As a Grace to You employee with a charismatic background, I watched the buildup to the conference with a considerable amount of interest. I am certainly no stranger to the grievous damage caused by reckless false prophecies in the charismatic church. But since none of that spiritual fallout ever touched me personally, my animosity for the movement did not run deep. In fact, the major gripe I had with my old mainstream Pentecostal church was the same gripe I have with the church growth and emergent movements—a failure to rightly preach the gospel.
But as Strange Fire approached, I had the opportunity to study the charismatic movement with much closer scrutiny than before.

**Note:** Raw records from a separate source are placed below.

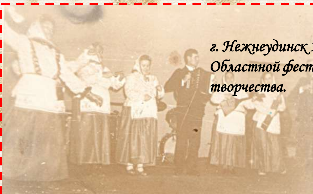
г. Нежнеудинск 1992 год Областной фестиваль народного творчества.
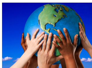
22 de abril: Día Internacional de la Tierra
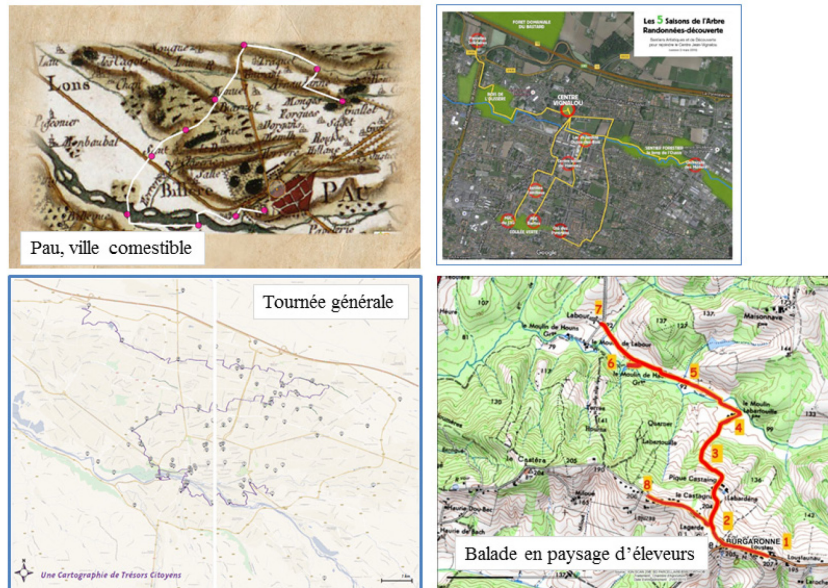
Figure 3. Des itinéraires bien rodés (Source : programme des randonnées distribuées aux participants).

comestible (en la faisant déguster en confiture), alors même que d'un point de vue naturaliste elle est très fréquemment présentée comme étant particulièrement invasive.
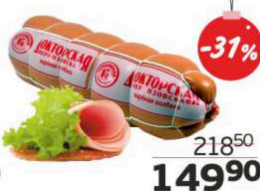
Колбаса вареная «Докторская черкизовская», ЧМПЗ, 1 кг
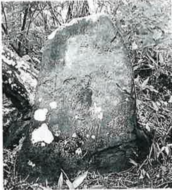
19 千手観音 志賀高原 文政2年(90×53×20)
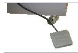
Detalle del pedal y ruedas de desplazamiento de la mesa soporte.
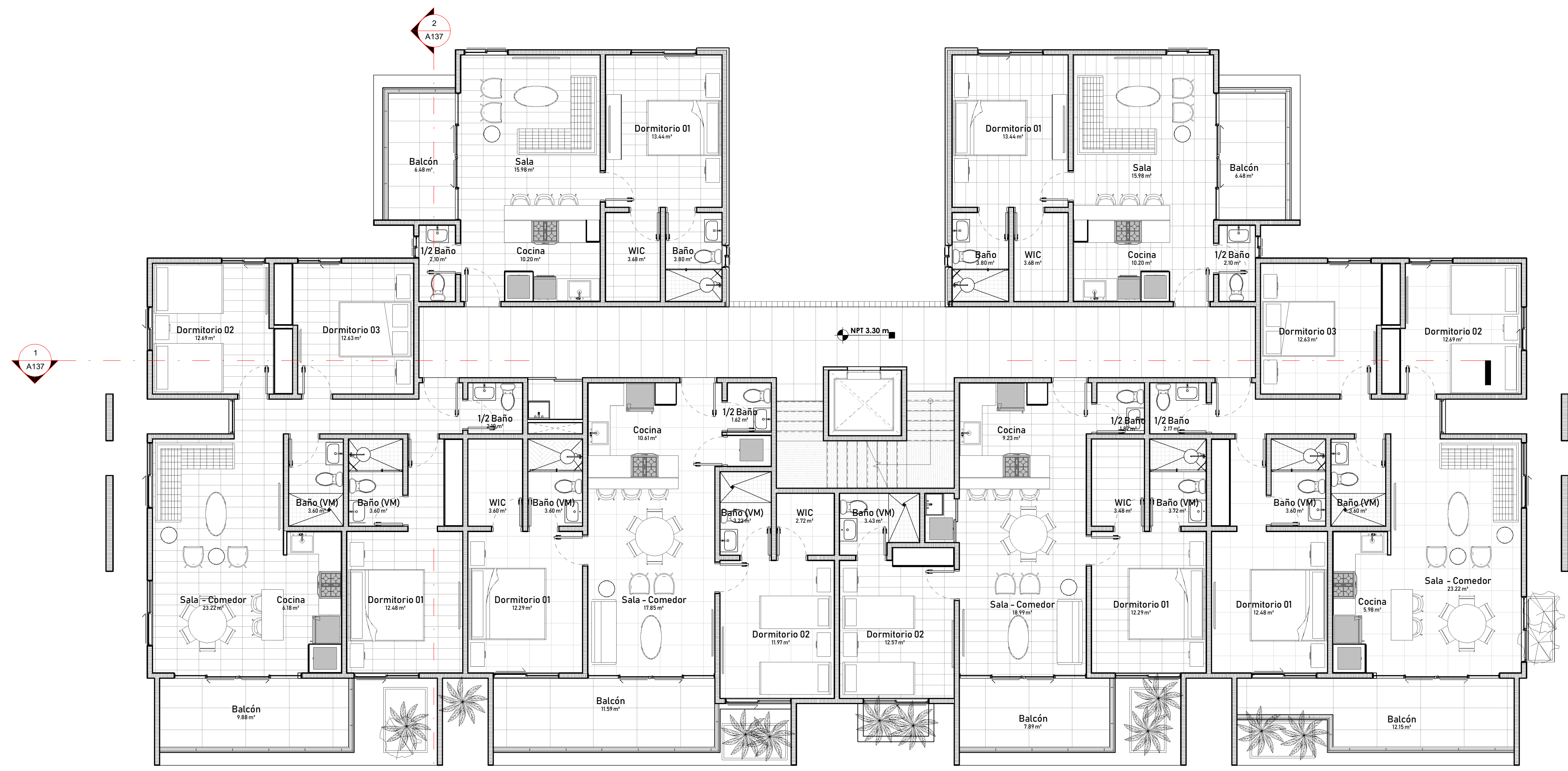
1 A128 Planta Arq. Amueblada Nivel +2 1 : 75
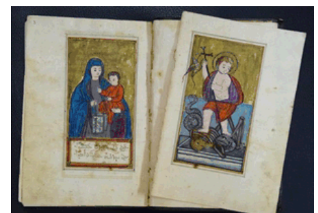
Le Bet Gazo ou recueil de livres liturgiques syriaques datant de 1691, conservé au monastère de Charfet du patriarcat syriaque catholique au Liban
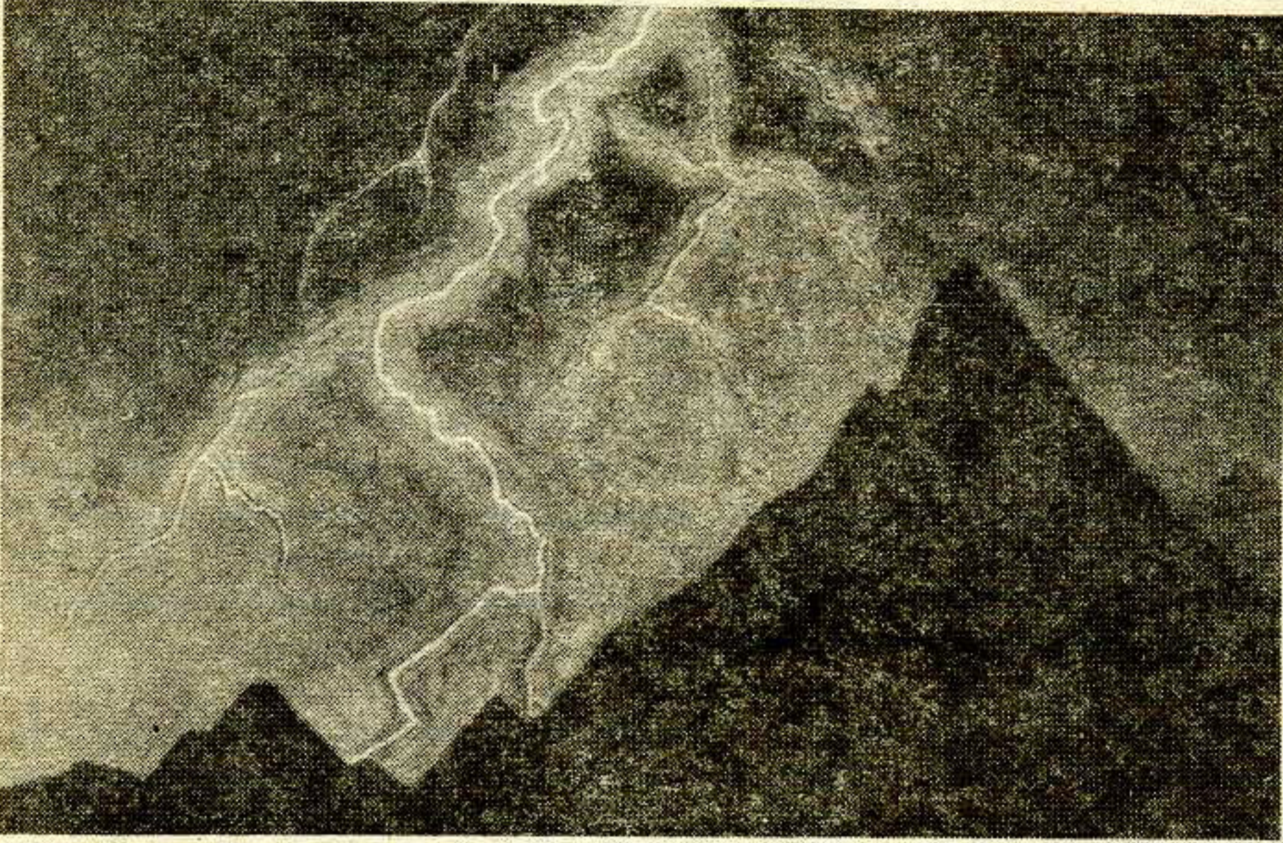
(Карціны М. К. Рэрыха).

Нельга патрабаваць нечага ад іншых, калі сам застаешся на нізкім узроўні духоўнага развіцця, парушаеш законы агульначалавечага братэрства, сееш вакол сябе раздражненне і злосць, думаеш толькі аб уласным здароўі, дабрабыце, лёгкім жыцці.

In particular, I investigated several influential charismatic leaders, consuming an unhealthy amount of their videos and writing.

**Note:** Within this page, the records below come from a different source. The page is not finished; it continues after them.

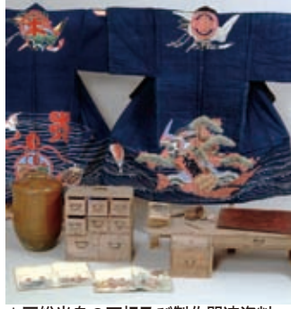
▲房総半島の万祝及び製作関連資料

今回の展示では、県指定有形民俗文化財「房総半島の万祝及び製作関連資料」に指定されている1千403点の資料の中から、万祝とそ
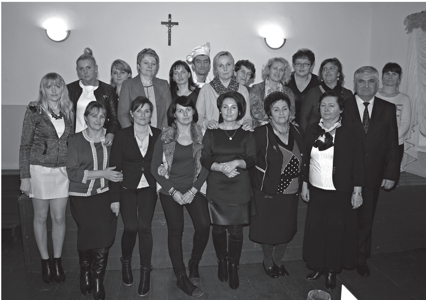
Uczestnicy uroczystego zakończenia warsztatów kulinarnych.
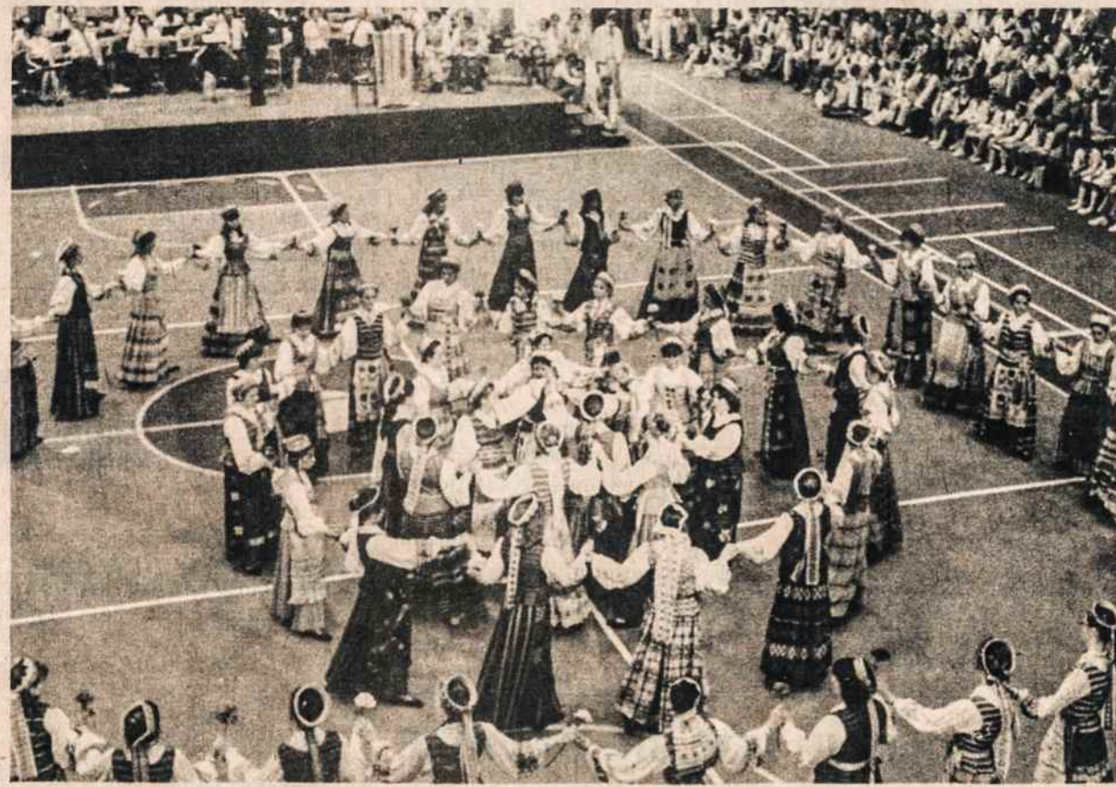
Rytinio pakraščio tautinių šokių šventėj mergaitės šoka Sadutę.

— Lietuvos Fondas, įvertindamas didžiules pastangas paruošti ir išleisti 6 tomų serijinį veikalą "Lietuvos bažnyčios", II tomo — "Vilkaviškio vyskupijos" išlaidom sumažinti paskyrė 1000 dol. subsidiją.
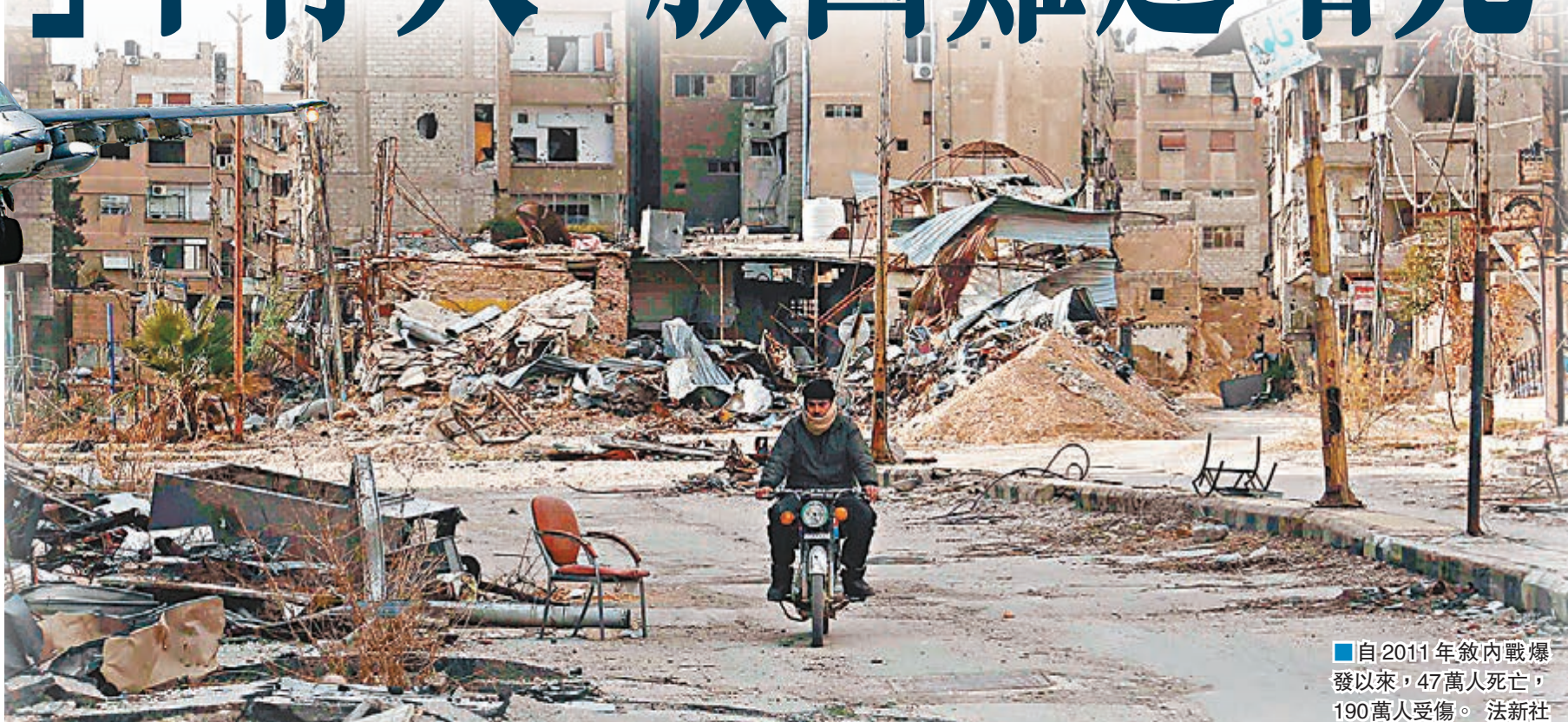
■自2011年敘內戰爆發以來，47萬人死亡，190萬人受傷。
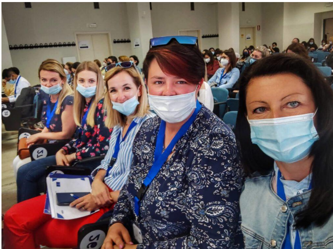
fol. 26 – Międzynarodowe szkolenie - International Staff Week w Neapolu, w dn. 4-6 maja 2022 r.

Międzynarodowe szkolenie był wyjątkową okazją do zwiększenia kompetencji językowych, poznania kultury Włoch, zasmakowania specjałów włoskiej kuchni i odkrycia wielu, fantastycznych miejsc oraz sposobów na tanie podróżowanie po Europie.
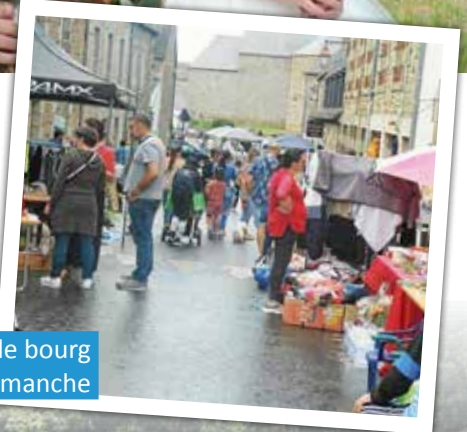
Brocante dans le bourg le dimanche
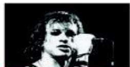
Laura Jane Grace

CONOCIDO por ser uno de los directores de la saga Matrix . Lawrence Larry Wachowski habló abiertamente sobre su transición a mujer hace tres años.
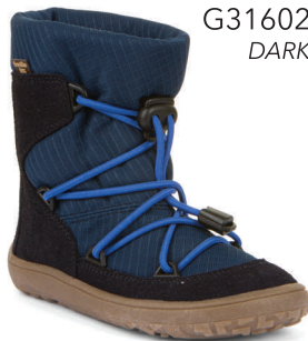
G3160212-1 DARK BLUE
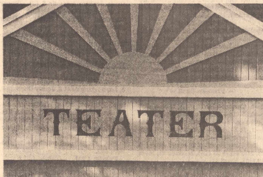
Bräderna är nya men utsmyckningen densamma. Över teaterladans scen i Boxholms Folkets park lyser solen i någon ljusare gul ton än tidigare efter renoveringen
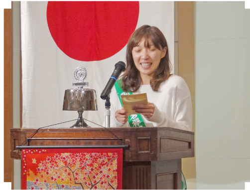
海老名樺 RC 奨学生挨拶

That investigation revealed a clear pattern that charismatics follow when engaged in debate. It’s almost a codified playbook of sorts for their self-defense (call it Foxe’s Book of Charismatics With Hurt Feelings), and it goes like this:
- Dogged insistence that the gifts of prophesy, tongues, and healing continue to the present day.

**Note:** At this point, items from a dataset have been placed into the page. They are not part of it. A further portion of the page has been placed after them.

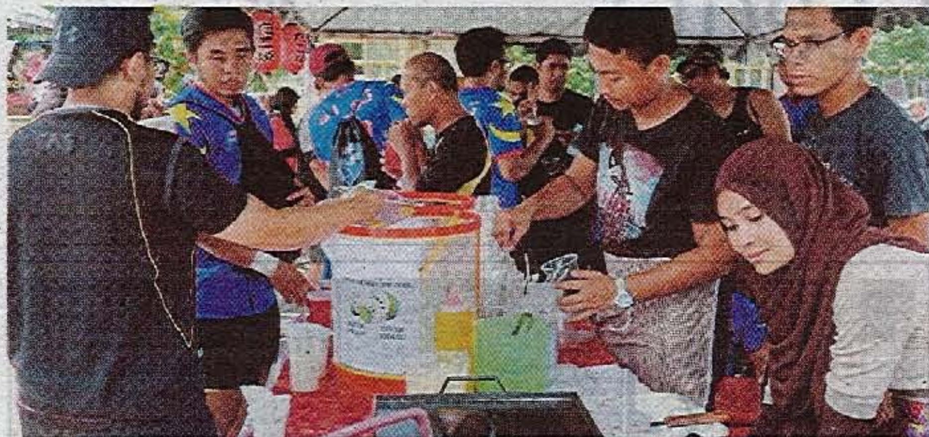
Penganjuran program mendapat sambutan memberangsangkan daripada pengunjung.

Oleh Meor Ahmad Nasriin Rizal Ishak meor.ahmad@bh.com.my
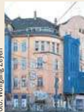
Das Haus Jahnallee 61
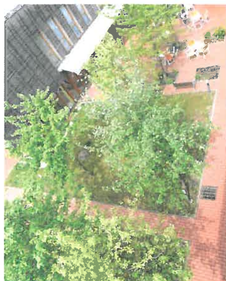
2 vues du jardin intérieur
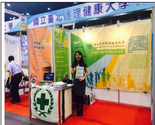
圖 1：澳門教育展攤位
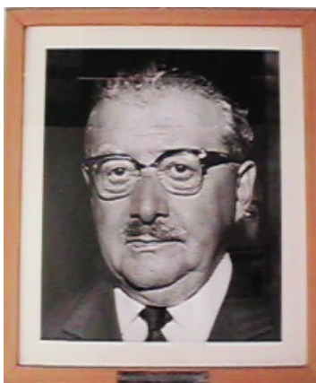
Dal Palazzo Civico, 31 gennaio 1964. ANSELMETTI CAV. DI GRANCROCE DOTT. ING. GIOVANNI CARLO Sindaco di Torino dal 26 Febbraio 1962 al 21 Ottobre 1964

Mi auguro che l'opera venga bene accolta dalla cittadinanza ed in particolare dai padri coscritti che nel palazzo svolgono la loro utile e proficua opera di democrazia e di civile progresso.
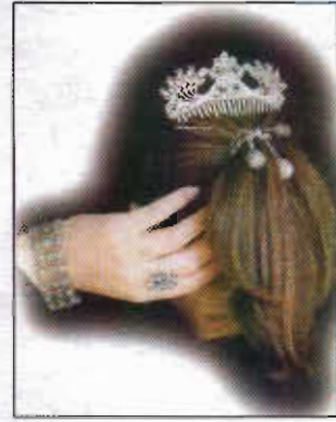
Resim-8: Gümüş tarak ve bileklik.

Amerikan bezi veya buna benzer pamuklu kumaşlardan yapılan iç donu, belden bir uçkurla veya lastikle sarılarak kullanılırdı. Boyu ayak bileklerine kadar uzanan iç donunun paçaları, düğmeli bir manşede son bulurdu. 31 Bugün bu tür iç donlarına rastlamak pek mümkün değildir.

- Vague anecdotal evidence in support of the continuation of those gifts.
- Unshakable confidence that the worst charismatic abusers and charlatans represent only the renegade fringe of the movement, and that they wield limited influence among mainstream charismatics.
- Staunch refusal to name, criticize, or publically disavow those abusers and offenders at the supposed fringe of the movement.
- Dire warnings that rejecting anyone who claims to speak on behalf of the Holy Spirit or wield His power is tantamount to rejecting the Spirit Himself.
- Total disinterest in discussing or debating any doctrinal or ecclesiological issues other than continuationism versus cessationism.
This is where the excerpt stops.